(Records excerpted from a collection)

+++++

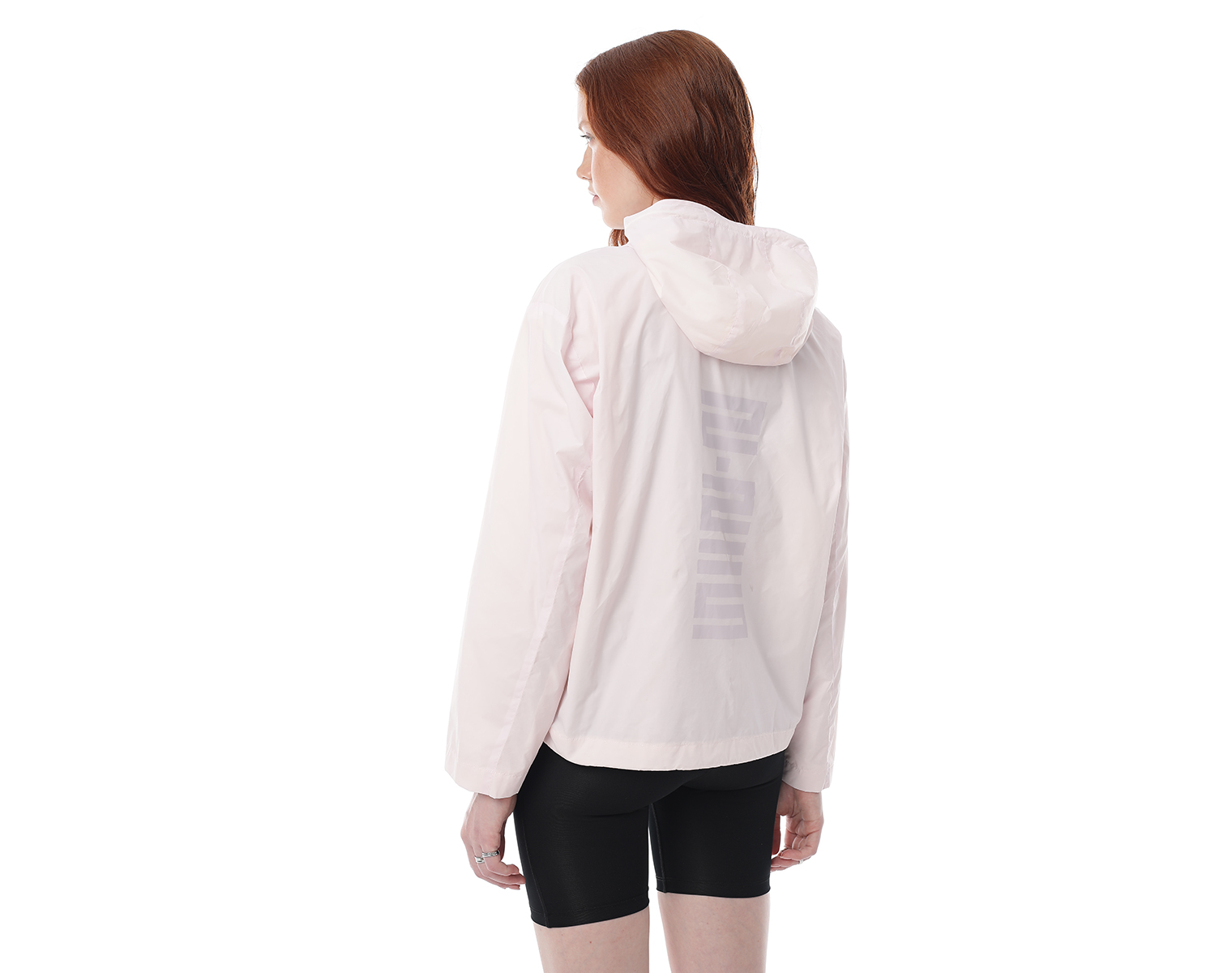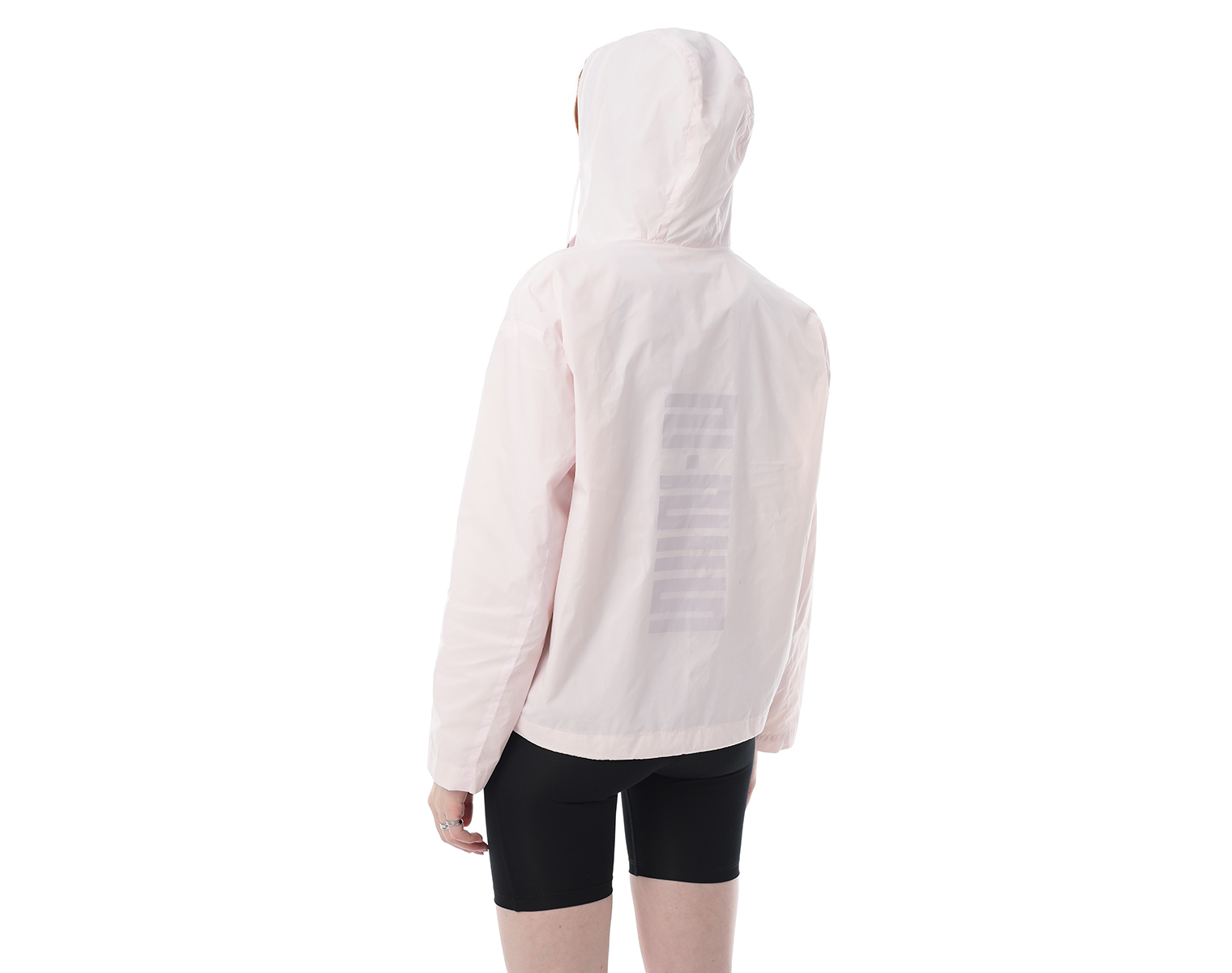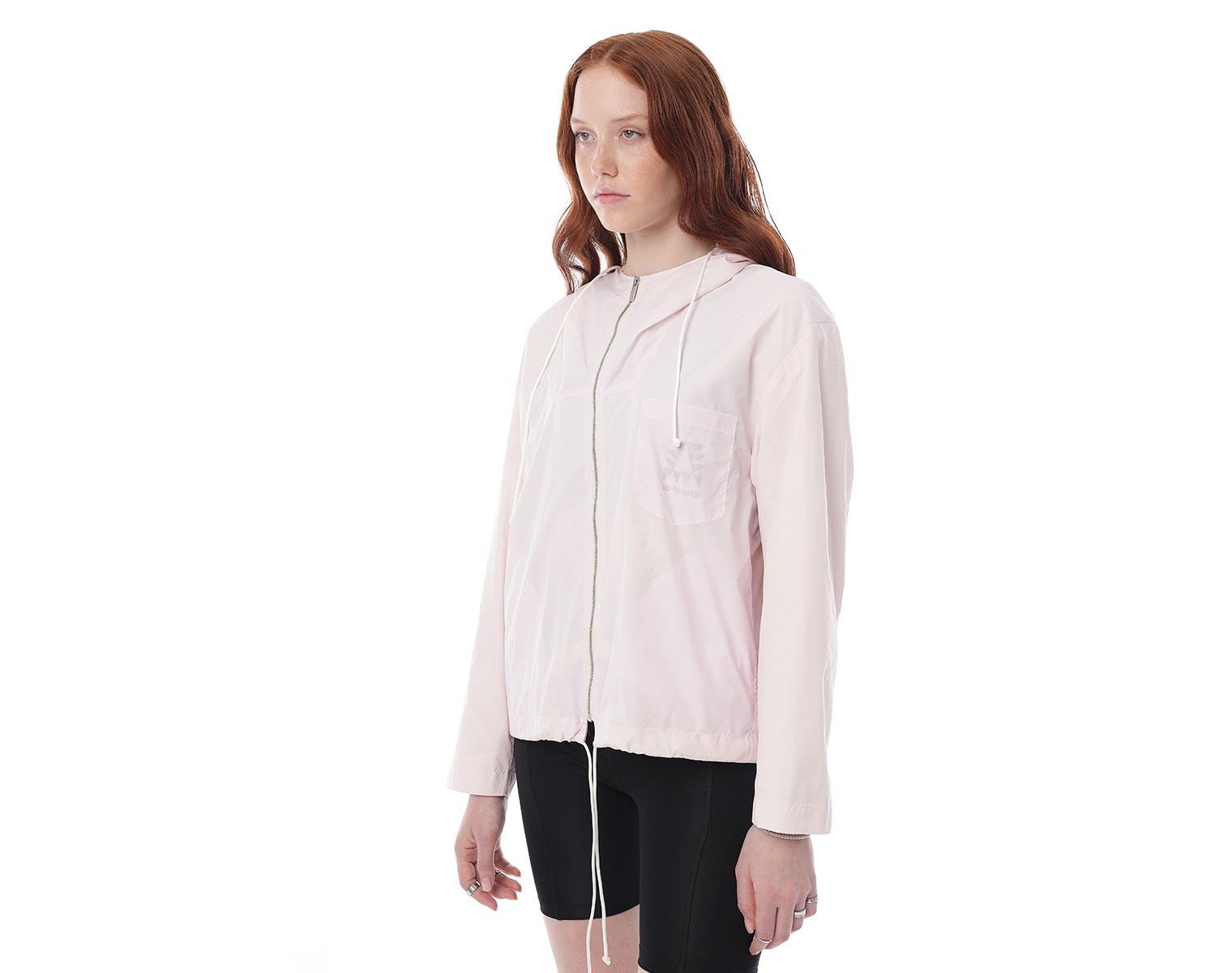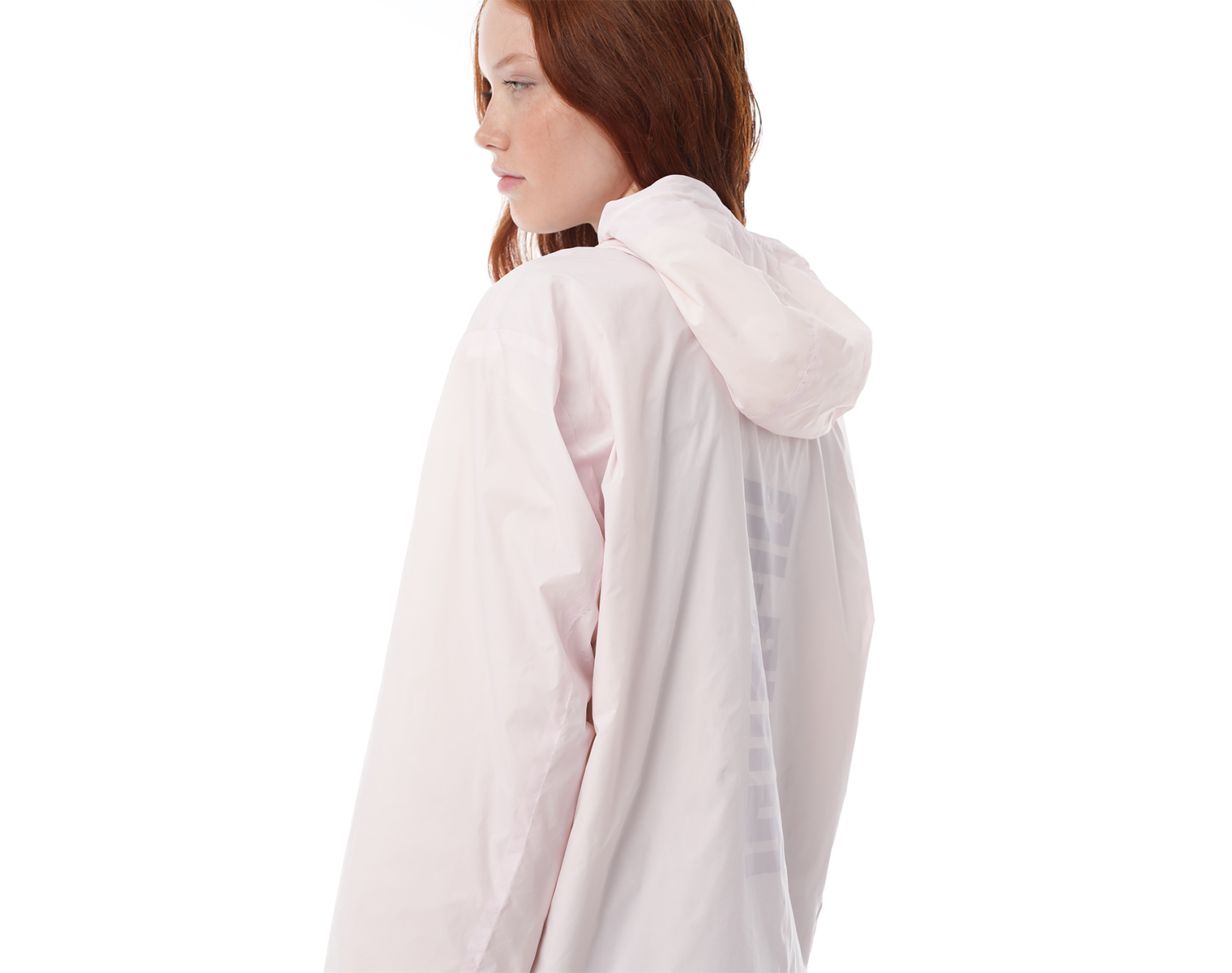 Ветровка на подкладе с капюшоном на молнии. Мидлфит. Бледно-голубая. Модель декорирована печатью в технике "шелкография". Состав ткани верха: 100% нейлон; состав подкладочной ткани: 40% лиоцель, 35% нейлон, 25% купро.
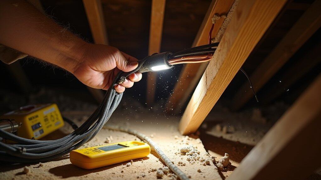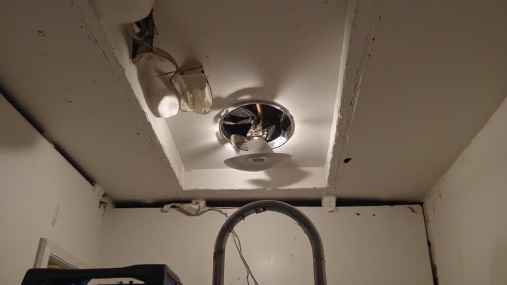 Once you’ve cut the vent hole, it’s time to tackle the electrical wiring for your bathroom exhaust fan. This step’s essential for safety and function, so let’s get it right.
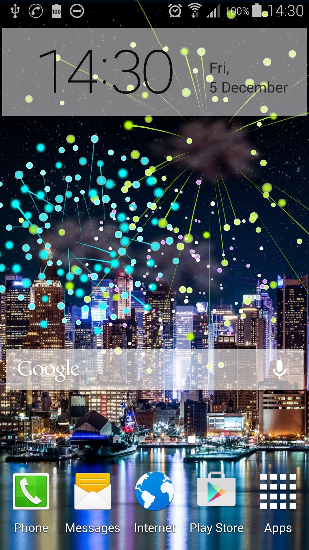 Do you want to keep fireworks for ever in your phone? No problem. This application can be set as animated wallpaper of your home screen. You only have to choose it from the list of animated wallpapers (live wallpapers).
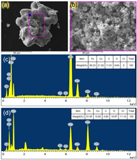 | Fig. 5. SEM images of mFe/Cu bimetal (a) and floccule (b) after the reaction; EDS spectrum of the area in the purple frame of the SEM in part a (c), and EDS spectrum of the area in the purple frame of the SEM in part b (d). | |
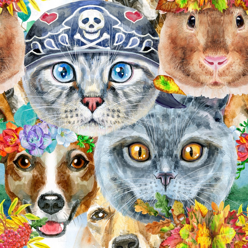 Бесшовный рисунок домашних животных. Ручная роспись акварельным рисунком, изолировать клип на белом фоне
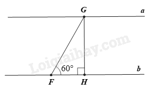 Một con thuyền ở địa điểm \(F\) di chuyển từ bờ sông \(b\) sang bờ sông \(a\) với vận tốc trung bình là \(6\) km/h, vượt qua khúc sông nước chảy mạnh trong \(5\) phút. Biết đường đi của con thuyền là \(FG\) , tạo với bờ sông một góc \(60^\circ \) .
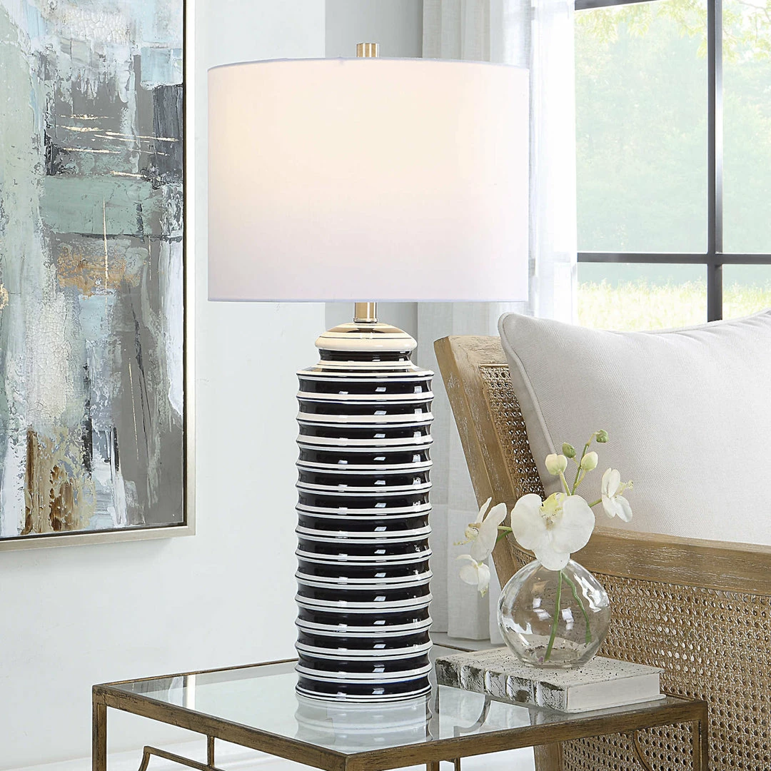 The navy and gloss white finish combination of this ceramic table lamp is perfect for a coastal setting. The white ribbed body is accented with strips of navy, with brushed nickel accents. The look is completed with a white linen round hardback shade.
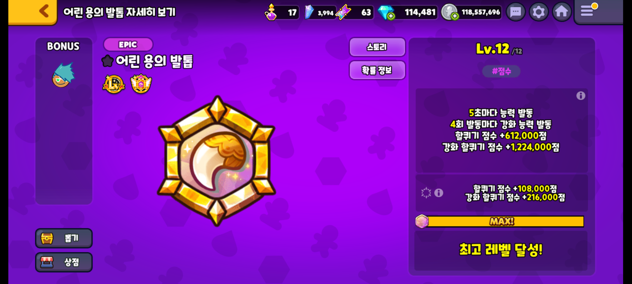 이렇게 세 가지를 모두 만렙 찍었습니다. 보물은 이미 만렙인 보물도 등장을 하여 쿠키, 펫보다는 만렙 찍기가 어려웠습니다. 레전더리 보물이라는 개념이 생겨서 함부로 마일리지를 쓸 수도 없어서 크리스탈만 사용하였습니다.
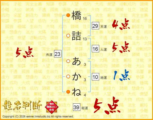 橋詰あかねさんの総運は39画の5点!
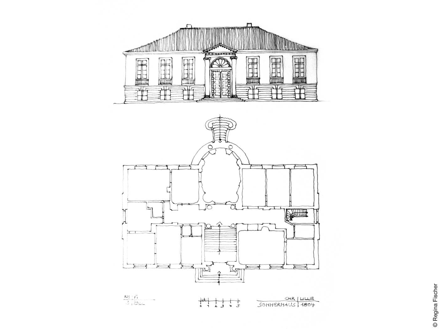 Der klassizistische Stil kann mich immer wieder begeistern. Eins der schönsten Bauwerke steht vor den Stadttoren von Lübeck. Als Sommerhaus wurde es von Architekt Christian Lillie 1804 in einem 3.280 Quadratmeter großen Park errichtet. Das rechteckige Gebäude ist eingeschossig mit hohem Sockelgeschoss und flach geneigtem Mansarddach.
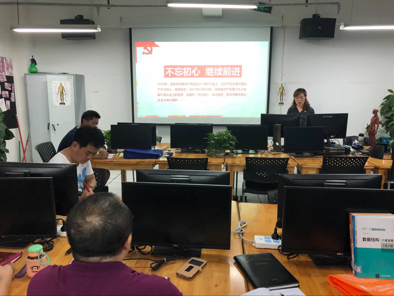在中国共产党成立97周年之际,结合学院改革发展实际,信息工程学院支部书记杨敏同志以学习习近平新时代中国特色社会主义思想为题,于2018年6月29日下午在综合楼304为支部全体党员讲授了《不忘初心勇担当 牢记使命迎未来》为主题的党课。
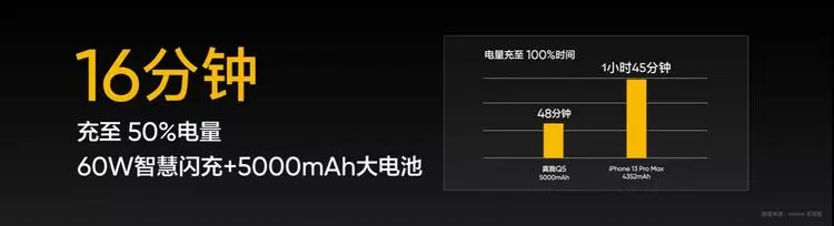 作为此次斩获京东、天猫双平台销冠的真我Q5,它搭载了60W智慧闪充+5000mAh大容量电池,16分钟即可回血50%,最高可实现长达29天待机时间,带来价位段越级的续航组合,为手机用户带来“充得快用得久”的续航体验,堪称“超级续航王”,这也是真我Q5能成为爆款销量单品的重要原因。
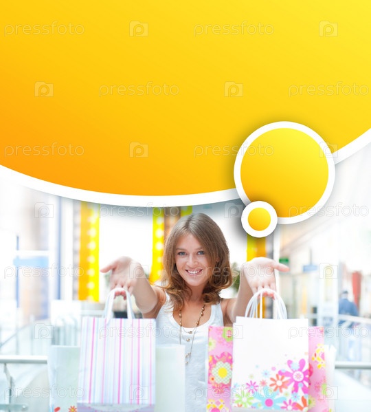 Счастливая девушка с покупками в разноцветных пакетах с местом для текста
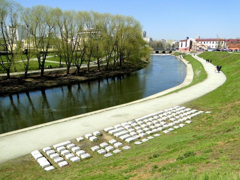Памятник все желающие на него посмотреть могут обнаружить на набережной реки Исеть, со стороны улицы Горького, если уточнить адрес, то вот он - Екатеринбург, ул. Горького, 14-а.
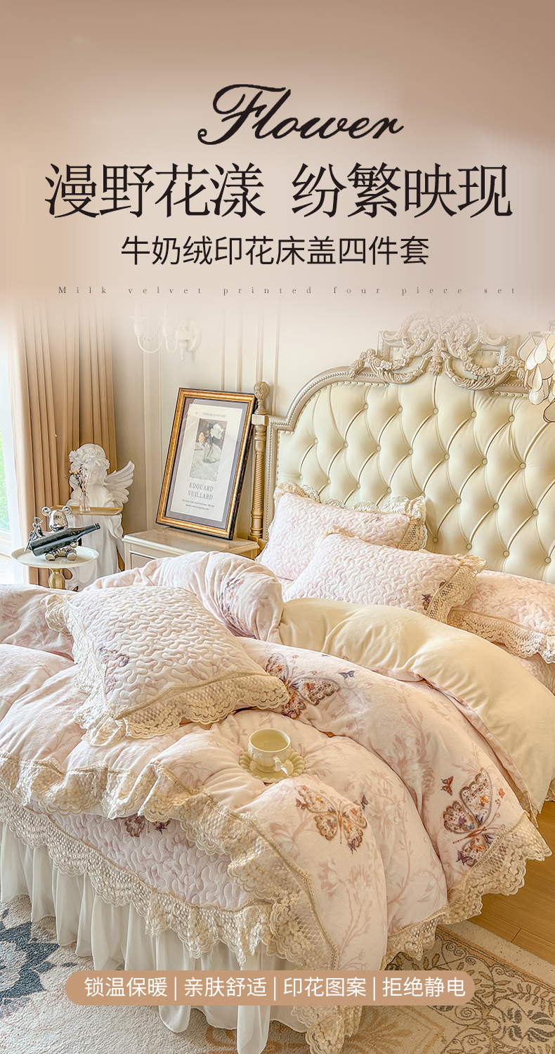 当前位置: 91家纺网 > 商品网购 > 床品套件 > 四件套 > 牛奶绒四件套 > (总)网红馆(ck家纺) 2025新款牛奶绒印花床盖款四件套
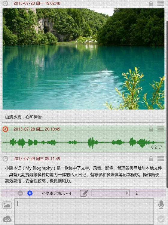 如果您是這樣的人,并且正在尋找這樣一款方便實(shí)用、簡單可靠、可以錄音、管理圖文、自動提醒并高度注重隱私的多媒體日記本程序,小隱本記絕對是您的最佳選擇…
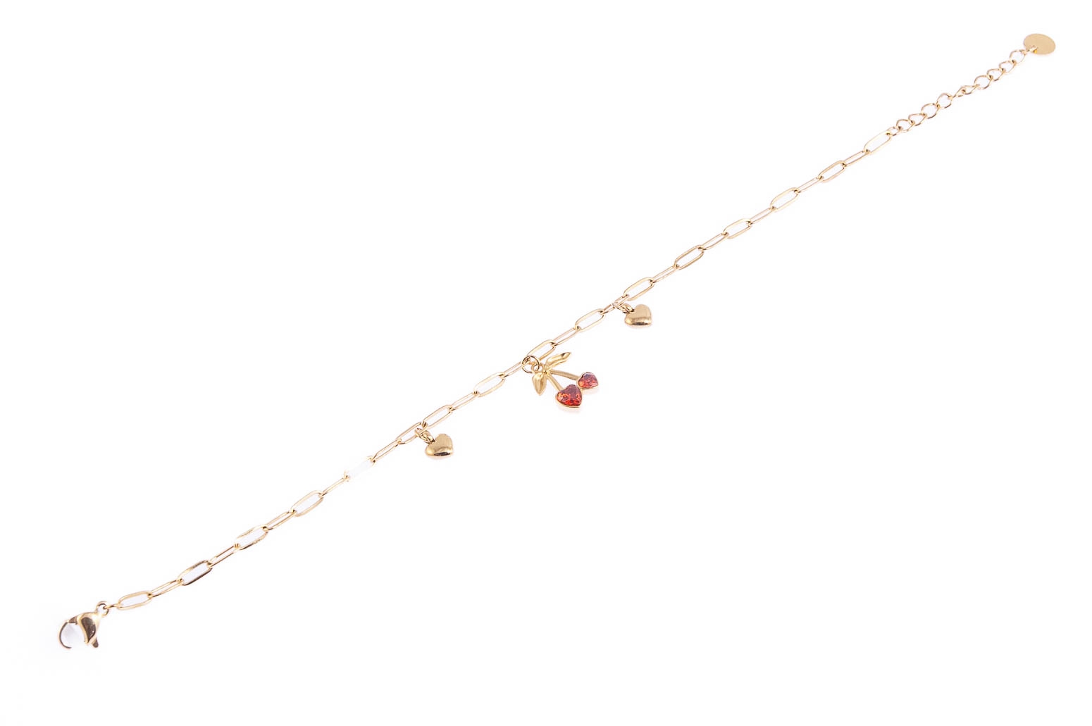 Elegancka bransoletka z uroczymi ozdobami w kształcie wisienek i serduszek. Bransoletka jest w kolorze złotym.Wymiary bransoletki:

+++++

Output the records above as they stand, from the first line to the line with "The navy and", inclusive, and exclude the pictures.

SOLUTION TO THIS EXERCISE:
 Ветровка на подкладе с капюшоном на молнии. Мидлфит. Бледно-голубая. Модель декорирована печатью в технике "шелкография". Состав ткани верха: 100% нейлон; состав подкладочной ткани: 40% лиоцель, 35% нейлон, 25% купро.
 Once you’ve cut the vent hole, it’s time to tackle the electrical wiring for your bathroom exhaust fan. This step’s essential for safety and function, so let’s get it right.
 Do you want to keep fireworks for ever in your phone? No problem. This application can be set as animated wallpaper of your home screen. You only have to choose it from the list of animated wallpapers (live wallpapers).
 | Fig. 5. SEM images of mFe/Cu bimetal (a) and floccule (b) after the reaction; EDS spectrum of the area in the purple frame of the SEM in part a (c), and EDS spectrum of the area in the purple frame of the SEM in part b (d). | |
 Бесшовный рисунок домашних животных. Ручная роспись акварельным рисунком, изолировать клип на белом фоне
 Một con thuyền ở địa điểm \(F\) di chuyển từ bờ sông \(b\) sang bờ sông \(a\) với vận tốc trung bình là \(6\) km/h, vượt qua khúc sông nước chảy mạnh trong \(5\) phút. Biết đường đi của con thuyền là \(FG\) , tạo với bờ sông một góc \(60^\circ \) .
 The navy and gloss white finish combination of this ceramic table lamp is perfect for a coastal setting. The white ribbed body is accented with strips of navy, with brushed nickel accents. The look is completed with a white linen round hardback shade.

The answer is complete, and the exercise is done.